The dataset is intended solely for research and educational purposes and should not be construed as reflecting the opinions or views of the creators, owners, or contributors of this dataset. And it is distributed under the MIT license.

Data Release

Explore the data before downloading, or use Atlas explorer.

Direct Download links:

Data Format

Each line in the downloaded data file is a json dict containing the data id and dialogue data in a list format. Below is an example line.

{
  "id": "0", 
  "data": [
    "How can cross training benefit groups like runners, swimmers, or weightlifters?", 
    "Cross training can benefit groups like runners, swimmers, or weightlifters in the following ways: ...", 
    "That makes sense. I've been wanting to improve my running time, but I never thought about incorporating strength training. Do you have any recommendations for specific exercises?", 
    "Sure, here are some strength training exercises that can benefit runners: ...", 
    "Hmm, I'm not really a fan of weightlifting though. Can I incorporate other forms of exercise into my routine to improve my running time?", 
    "Yes, absolutely! ...",
    "..."
    ]
}

Training

We provide training code to fine-tune LLaMa (however we are not distributing the weights of LLaMa) on UltraChat in .src/, the training is accelerated by BMTrain.

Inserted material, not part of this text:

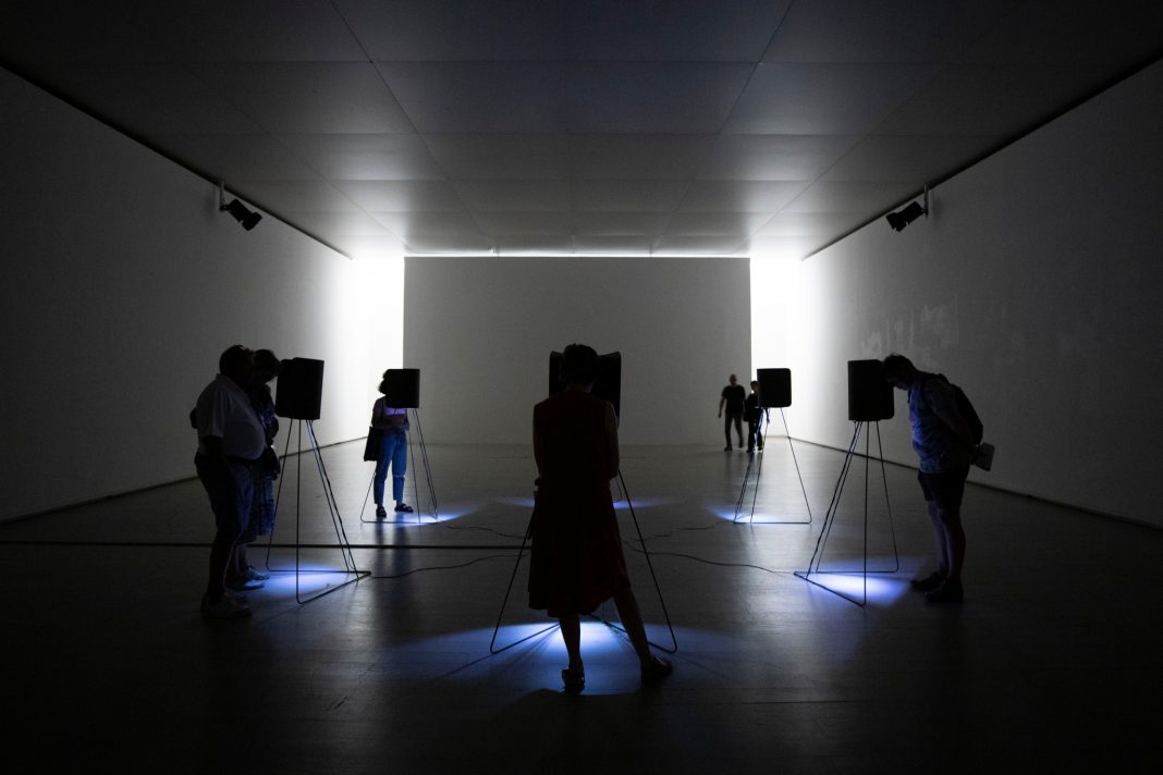 E come plurali sono le voci che narrano, così sono molteplici le forme assunte, di volta in volta, dal progetto. Nella prima fase, i fruitori sono stati invitati a entrare in una struttura gonfiabile – la Dream Capsule – collocata in varie gallerie d’arte e spazi esterni in tutto il mondo, per raccontare e registrare i propri sogni. Nel 2022, questo archivio è diventato una video-installazione e una performance, Dust of Dreams, realizzata da Francesca Dibiase, Ilaria Quaglia e Valerie Tameu, su coreografie di Daniele Ninarello, che hanno “agito” i sogni. Con Dreamscape, invece, Frapiccini ha tentato un avvicinamento, mettendo al centro dell’opera – oppure, sulla circonferenza – la pratica dell’ascolto, realizzando un’installazione sonora immersiva necessita della presenza del pubblico per essere attivata, rivelando la dimensione universale, collettiva e condivisa di quella strana dimensione che definiamo inconscio.

We also provide a training script to fine-tune GPT-J on UltraChat in .src/train_legacy/, which is implemented with OpenPrompt

Construction of UltraChat

The general idea of UltraChat is to use separate LLMs to generate opening lines, simulate users and respond to queries. Each sector of UltraChat has its own challenges and requires particular strategy designs. We will specify the construction process once a sector of UltraChat is released.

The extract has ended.